Low-energy theorem and OPE in the conformal window of massless QCD

TL;DR

This paper introduces a new nonperturbative technique based on a low-energy theorem to analyze the conformal window in massless QCD-like theories, revealing constraints on correlators and explaining the origin of divergent contact terms in the operator product expansion.

Contribution

It develops a novel LET-based method to study IR/UV fixed points in massless QCD and clarifies the nature of divergent contact terms in the OPE of $Tr F^2$.

Findings

Constraints on 3-point correlators involving $Tr F^2$ and anomalous dimensions.

Connection between divergent contact terms and anomalous dimensions.

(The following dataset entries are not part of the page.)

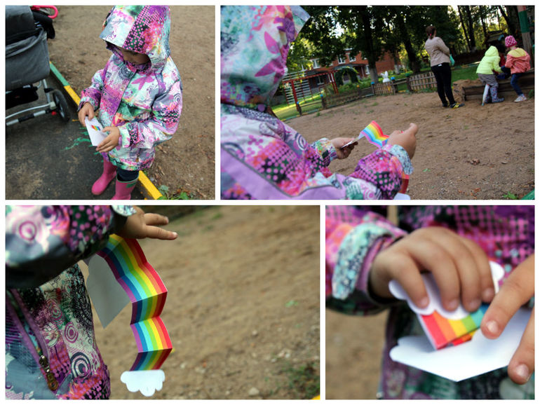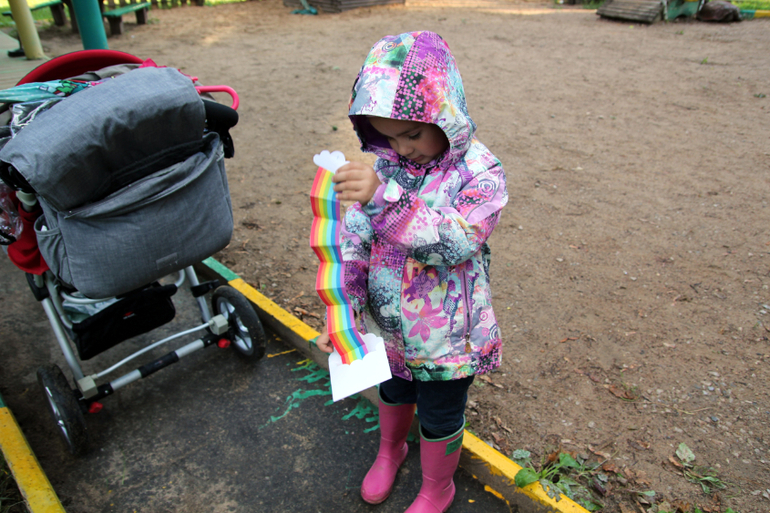 Оборотную сторону самой радуги я "заламинировала" скотчем. Всем советую, у нас держится уже месяц.
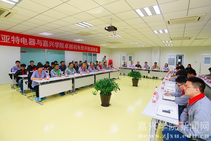 10月12日上午,亚特机电学院“卓越班”开班启动会在浙江亚特电器有限公司会议室举行。浙江亚特电器有限公司陈勇董事长、卢敏总经理,嘉兴学院社会合作处处长袁志明、教务处副处长彭文利、王敏、机电工程学院党委书记丁玉泉等相关负责人以及企业学校导师、全体卓越班学生参加了启动会。
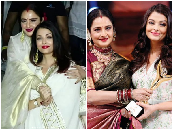 രണ്ട് കാലഘട്ടത്തിലായി ബോളിവുഡിലെ സൗന്ദര്യ റാണിമാരാണ് ഐശ്വര്യ റായിയും രേഖയും. അമിതാഭ് ബച്ചനും രേഖയും തമ്മില് പ്രണയത്തിലാണെന്ന് ഗോസിപ്പുകള് വന്നതോടെ പൊതുവേദിയില് ബച്ചനോ ഭാര്യ ജയ ബച്ചനോ രേഖയോട് സംസാരിക്കാറില്ല. എന്നാല് ഇതൊന്നും മരുമകള് ഐശ്വര്യ റായിയ്ക്ക് ഇല്ല.
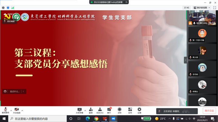 4月21日,williamhill官方网站员工党组织第一支部、第二支部在线上召开“抗疫有我,‘青’尽全力”主题党日活动。会议由各员工支部书记主持,员工支部全体员工党员出席会议。
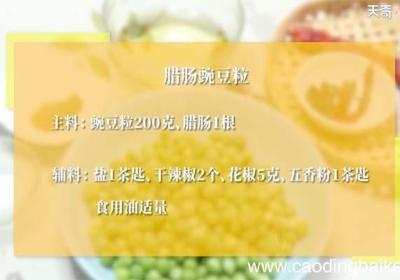 发布时间: 13小时前步骤1准备食材:豌豆粒200克、腊肠1根、盐1茶匙、五香粉1茶匙、油适量、干辣椒2个、花椒5克 。步骤2腊肠切成丁 。步骤3干辣椒切成段 。步骤4【腊肠豌豆粒的做法 腊肠豌豆粒怎么做】起锅倒油,油热放入干辣椒、花椒炒香 。步骤5放入腊肠煸炒...
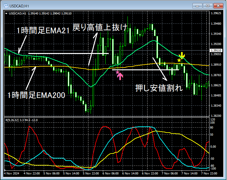上の1時間足(この例における下位足)では、戻り高値を上抜けした後、1時間足EMA21や1時間足EMA200付近まで下げたところでmBDSR(RCI2本フィルター)の押し目買いサインが点灯して、プライスはしっかり上昇していることが分かる。また、その後、押し安値を下抜けした後、1時間足EMA21や1時間足EMA200付近まで上昇したところでmBDSR(RCI2本フィルター)の戻り売りサインが点灯して、その後、プライスはしっかり下げていることが分かる。(RCIを使った上位足から下位足への落とし込みの結果として、1時間足を見ているのであって、適当に1時間を見ているわけではない。)
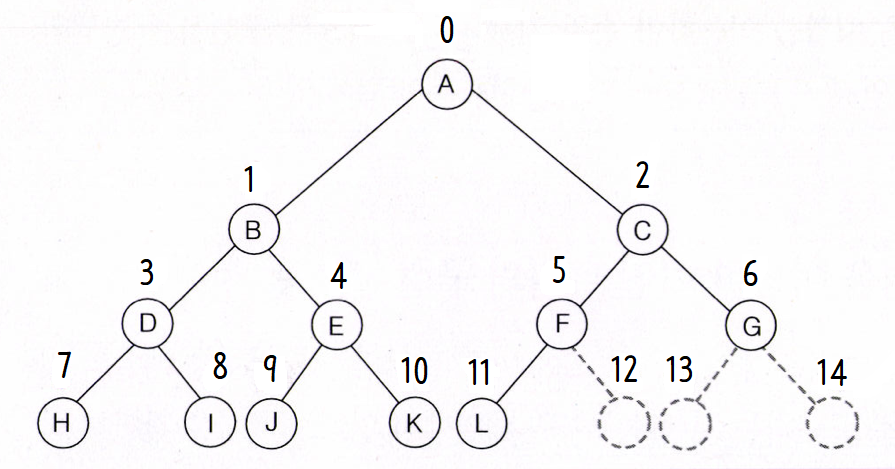 - [특징] : 총 노드 개수가 n일 때, n+1번 노드부터 2^(h+1)-1번 노드는 공백 노드로 채워집니다.

Verification that the divergence matches the nontrivial anomalous dimension.

Abstract

We develop a new technique, based on a low-energy theorem (LET) of NSVZ type derived in arXiv:1701.07833, for the nonperturbative investigation of SU(N) QCD with N${}_f$ massless quarks - or, more generally, of massless QCD-like theories - in phases where the beta function, $\beta(g)$, with $g=g(\mu)$ the renormalized gauge coupling, admits an isolated zero, $g_*$, in the infrared (IR) or ultraviolet (UV). We point out that the LET sets constraints on 3-point correlators involving the insertion of $Tr\, F^2$, its anomalous dimension $\gamma_{F^2}$, and the anomalous dimensions of multiplicatively renormalizable operators at $g_*$. These constraints intertwine with the exact conformal scaling for $g(\mu)\rightarrow g_*$ with $\mu\neq 0,+\infty$ fixed and the IR/UV asymptotics - which may or may not coincide with the IR/UV limit of the aforementioned conformal scaling - for $\Lambda_{\scriptscriptstyle{IR/UV}}$ fixed. In the conformal case we also discuss how the LET for bare correlators is the rationale for the existence in massless QCD of the mysterious divergent contact term in the OPE of $Tr\,F^2$ with itself discovered in perturbation theory in arXiv:1209.1516, arXiv:1407.6921 and computed to all orders in arXiv:1601.08094. Specifically, if $\gamma_{F^2}$ does not vanish, the divergent contact term in the rhs of the LET for the 2-point correlator of $Tr\,F^2$ has to match - and we verify by direct computation that it actually does - the divergence in the lhs due to the nontrivial anomalous dimension of $Tr\,F^2$. Hence, remarkably, the additive renormalization due to the divergent contact term in the rhs is related by the LET to the multiplicative renormalization in the lhs, in such a way that a suitably renormalized version of the LET has no ambiguity for additive renormalization.